Vastgesteld 23 mei 2001

De vaste commissie voor Landbouw, Natuurbeheer en Visserij1 en de vaste commissie voor Sociale Zaken en Werkgelegenheid2 hebben op 25 april 2001 overleg gevoerd met minister Brinkhorst van Landbouw, Visserij en Natuurbeheer en minister Vermeend van Sociale Zaken en Werkgelegenheid over seizoenarbeid in de agrarische sector.

Van dit overleg brengen de commissies bijgaand beknopt verslag uit.

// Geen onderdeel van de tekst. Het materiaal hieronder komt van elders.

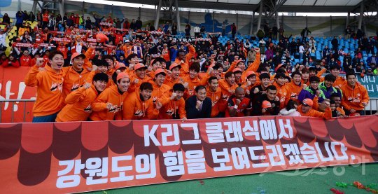 20일 성남 탄천종합운동장에서 열린 ‘현대오일뱅크 K리그 승강 플레이오프 2016 ’ 2차전 성남 FC와 강원 FC의 경기에서 강원이 1-1 무승부를 거두며 원정 다득점 원칙으로 클래식 승격을 이뤄냈다. 경기 후 강원 FC 선수단이 기념촬영을 하고 있다.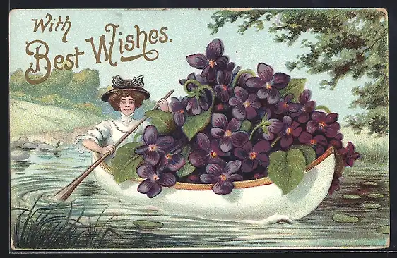 AK Frau im Boot mit einem Haufen Veilchen, Rudern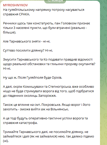 Гуляйпільський напрямок: На цій ділянці ситуація розсипається буквально на очах. Лінія оборони не витримує натиску, фронт просідає щодня і якщо так піде далі, ворог неминуче дійде до самого Гуляйполя. Причина — не у нестачі мужності наших бійців, а у повному провалі керівництва на місцях. Пани, які відповідають за цей рубіж, втратили контроль і боєздатність підрозділів. Комунікація між частинами фактично зруйнована, координація глуха як вітер, дії не узгоджені, накази або запізнюються, або взагалі не доходять. У штабних доповідях лише показуха і звіти для галочки, замість реальної оцінки обстановки. Через це на місцях вмникає тотальний п#здець: солдати лишаються без підтримки, без нормальної ротації, без тилового забезпечення. Фактично, тут все тримається лише на тих, хто залишився стояти до талого без чітких вказівок і без плану. Я вважаю, що настав час, щоб вище командування прибуло безпосередньо на місце, побачило все на власні очі й розібралося, хто довів ситуацію до цього стану. Якщо не буде наведено порядок і не знімуть тих, хто провалює управління–фронт остаточно посиплеться. Тут уже не про дисципліну йдеться, а про виживання цілого напрямку.

Vragen en opmerkingen uit de commissies

Mevrouw Van Ardenne-van der Hoeven (CDA) brengt naar voren dat er al meer dan zeven jaar wordt gezocht naar een oplossing voor de problematiek in de seizoenarbeid. In de sector zijn veel inspanningen verricht. Men heeft er alles aan gedaan om voldoende arbeid te verwerven binnen de bestaande bestanden. Uit het marktplanrapport blijkt echter dat het probleem blijft bestaan, dat het benodigde aantal werknemers het aanbod verre overtreft en dat het aantal tewerkstellingsvergunningen dat nu wordt uitgegeven nog steeds niet voldoende is. LTO-Nederland pleit in een brief voor een verruiming van het voorstel en voor een uitzondering via de Wet arbeid vreemdelingen (WAV), zodat voor Poolse werknemers niet de prioriteitsgenietende toets (prio-toets) hoeft te worden gebruikt. Er kan dan een korte procedure worden gevolgd, zodat er voldoende aspergestekers, aardbeienplukkers en in het najaar fruitplukkers zullen zijn.

Keer op keer blijkt dat de procedure bij de Arbeidsvoorziening te lang is. Dat is het knelpunt waar ook de tuinbouw mee zit. Kan de garantie worden gegeven dat binnen twee weken een besluit zal worden genomen over het verlenen van een tewerkstellingsvergunning? Een ander knelpunt betreft tewerkstellingsvergunningen voor Poolse studenten. Die worden in onvoldoende mate afgegeven. Kunnen de ministers daarnaar kijken en dat knelpunt oplossen?

Mevrouw Snijder-Hazelhoff (VVD) is van mening dat het probleem van de seizoenarbeid opgelost moet kunnen worden binnen de bestaande regelgeving. Er zijn afspraken gemaakt en het ministerie en de sector hebben zich daarvoor ingezet. Toch loopt het niet zoals het zou moeten. De WAV moet het uitgangspunt blijven en de prio-toets moet ook gehandhaafd worden, maar de bureaucratische uitvoering van de regelgeving zou sneller moeten. Nu moet als alles is getoetst, het nog vanuit de regio naar een hoger orgaan van arbeidsvoorziening. Kan dat niet gedecentraliseerd worden? Kunnen de regio's niet meer verantwoordelijkheid krijgen? Dat zou versnellend kunnen werken. Is verder een sectorale aanpak niet een oplossing?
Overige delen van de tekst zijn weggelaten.